▶ [Records shown]
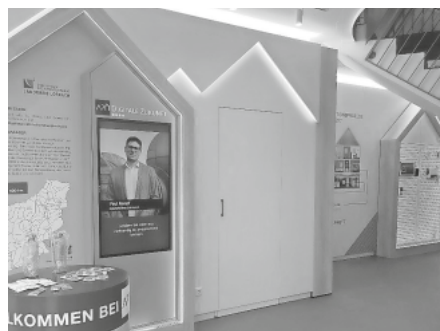
Bildunterschrift: das neue GLASFASER-ZENTRUM in Lörrach

Der Glasfaserausbau in allen Ortsteilen der Gemeinde Schliengen begann im Jahr 2021 wird gefördert durch das Land Baden-Württemberg.
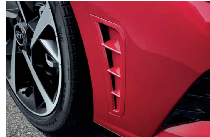
센슈어스 전용 블랙 아웃사이드 미러 센슈어스 전용 에어덕트
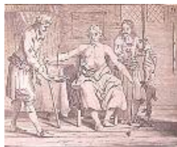
شکل ۱۰: تصویری از انتقال خون گوسفند به انسان (۱۶۹۳) (۲)
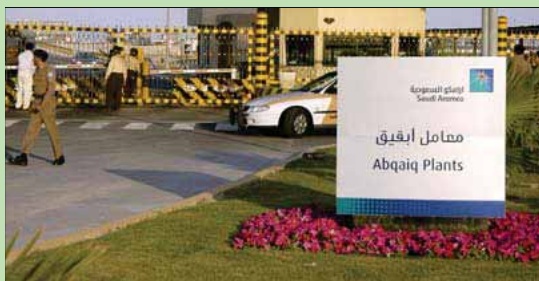
معامل بقيق

الأنابيب من الشرق إلى الغرب من 5 ملايين برميل يومياً إلى 6,5 مليون برميل يومياً في عام 2023. بالإضافة إلى ذلك تعد منشأة بقيق أكبر محطة لتثبيت النفط الخام في العالم، وتدير الشركة أربع محطات خام بسعة تخزين إجمالية قدرها 66,4 مليون برميل كما في 31 ديسمبر (كانون الأول) 2018؛ مما يساهم في المرونة التشغيلية ويدعم موثوقية العرض.
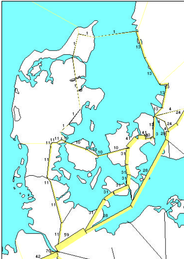
Figur 2: Rutevalg i banenettet for højværdigods

Banetrafikken i de 5 udvalgte relationer benytter 4 forskellige ruter til Tyskland, og hvilken der er mest attraktiv, afhænger af afsendelsestidspunktet og typen af gods. Afhængigheden af afsendelsestidspunktet ville ikke kunne modelleres i en frekvensbaseret model. Det anvendte link-linie koncept illustrerer derfor den større præcision, der opnås ved at arbejde med faktiske køreplaner.
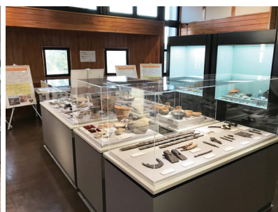
展示会場（西都会場）
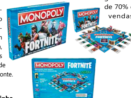
Monopoly Fortnite, da Hasbro

Sobre a venda destes produtos em 2019 ela diz: "Pretendemos ter um giro maior de 70% de vendas",

▶ [Goal of the exercise]
Check each line of the listing above for the string "بقيق". Report only how many have it.

▶ [Answer space]
2